Quoting lostlove:
what are you doing as the good starts to come back again?

can you do more of that?

what if you stopped looking for reasurrances and simply told yourself the opposite of all the neg assumptions you make on your own?

what will you do the next time you sense or assume h is withdrawing....where will you allow your thoughts to go...what will you think of instead of making negative assumptions about his withdrawal.


LL -- you're actually READING my mind!!! We crossposted. My two (still crappily worded goals with NO actions yet) are just what you suggest.

Do what it takes to get back to the good.
Get through the next "freak out" phase in a VERY different manner.


Quote:

is his slight withdrawal really withdrawal or is it more of a stepping back and not being so "on" sort of a getting comfortable once again in the r?


Ah...I **think** the withdrawal is one of two things...it's either me just freaking out (w/o h. contributing at all) OR it's just the slightest withdrawal by him...I'll notice that he stops saying ILY for a few days....he won't initiate or be receptive to me initiating...I get hypervigilant...start thinking I SEE something, etc. then freak out.

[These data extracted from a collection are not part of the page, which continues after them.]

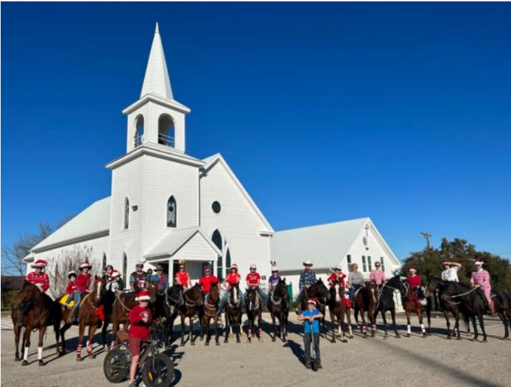
Left, the St. Peter's horseback carolers. Always a treat during the Christmas season.
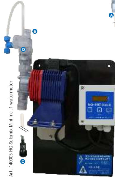
Art. 140005 HQ-Solomix Mini incl. 1 watermeter

HQ-Solomix MINI has a high capacity, you can easily handle your entire company with a device, the pump can also work up to 5 bar. The water meter can be adjusted to your water pipe diameter, on this way you keep enough water pressure on your company.
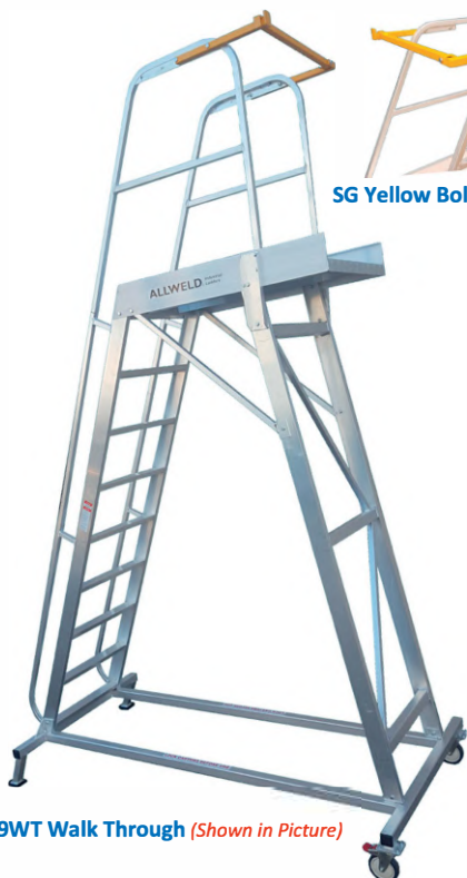
EMOP9WT Walk Through (Shown in Picture)

△ Industrial Strength Fully Welded Ladders With Lift Up Boom Gate △ Made in Australia to Australian Standards (AS/NZS 1892.1) △ Steps 80mm Wide △ Platform Size 750 x 600mm From 2.5mm Aluminium Chequer Plate △ Optional Castors, Hand Rails & Safety Gate Available
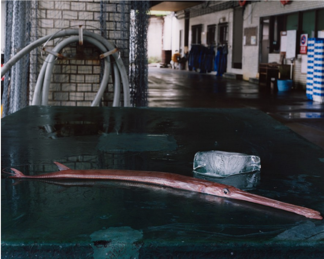
Aka Yagara (2016), Kyoto Ine Chromogenic print 40 x 50 cm 1/5
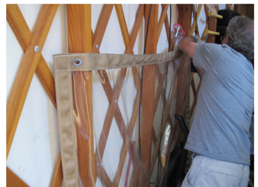
Store in Yurt on Screws in Utility Behind Bed

It's so slight...not a big deal at all...but I convince myself that I have to be on "infidelity watch" -- that what I noticed before about h. -- when I KNEW he was having an a (and was right) was that the ilys stopped, the intimacy stopped, he stopped holding my hand, everything.

There's no doubt a BIG difference between the slight pull I feel now and the super, duper withdrawal of a year ago...I just get 'em confused.

Not a pretty sight!!!

Sage


Relax. Appreciate. Be calm. Laugh. Enjoy. Be secure. Be loving. Be loved. Don't personalize. Don't ASSume. Accept. Be grateful.